StatLab, part of the University of Virginia Library, is a consulting group that supports researchers in the areas of statistics and data science. Members of the UVA community can contact us at [email protected] to set up a free consultation.
We help with a range of challenges, including:
- Data wrangling and cleaning
- Sample size and power estimation
- Selecting, implementing, and intepreting statistical methods
- Model evaluation
- Data visualization
- Debugging statistical software
We also offer free workshops and write articles about statistics and data science.

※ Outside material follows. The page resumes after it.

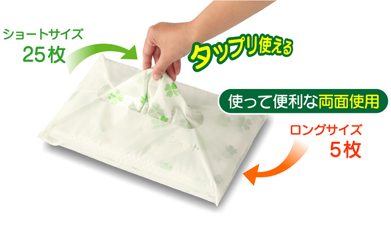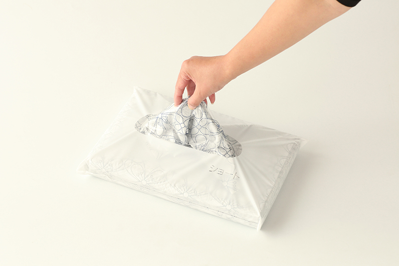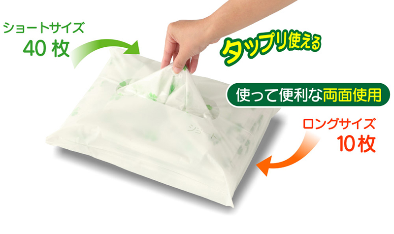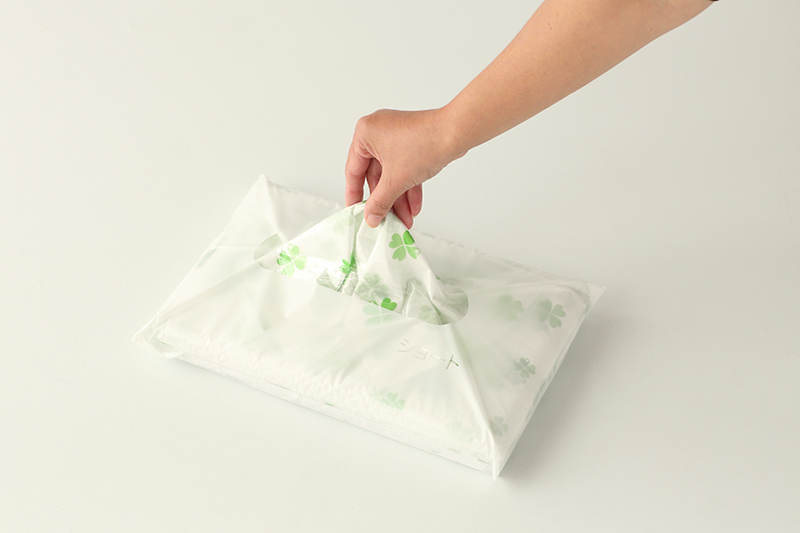背面は通気性に優れた不織布、前面は中身が一目でわかる透明フィルムを使用。

In collaboration with graduate student fellows, we produce statistical-programming resources and host them here on GitHub:
- Statistical Modeling Examples in R: Worked examples of statistical modeling in R, including linear regression, logistic regression, count modeling, and multilevel modeling. Published using R Markdown and occasionally updated.
- Python and R: A book providing parallel code examples in Python and R to help analysts and researchers translate between and learn the languages. Published in 2021 using bookdown and no longer updated. (Mostly obsolete thanks to AI)
We also use GitHub to host resources to help us with consultations and StatLab articles:
- Consulting resources: A list of selected bookmarks to sites we frequently reference
- R to Stata Cheatsheet: Common statistical tasks in R translated to Stata. (Mostly obsolete thanks to AI)
- Accessibility Checklist: Reference to help us develop more accessible materials
- GitHub Guide: StatLab guide to Git branching, merging, and stashing
- R install and update: Installing and Updating R, RStudio and R Packages
- SQLite Notes: A quick reference to SQL via SQLite
If you find a resource on our GitHub or a StatLab article useful to your work, please consider an acknowledgment. A citation example for StatLab articles is here. And when a license is included in a repository on our GitHub, please follow its terms.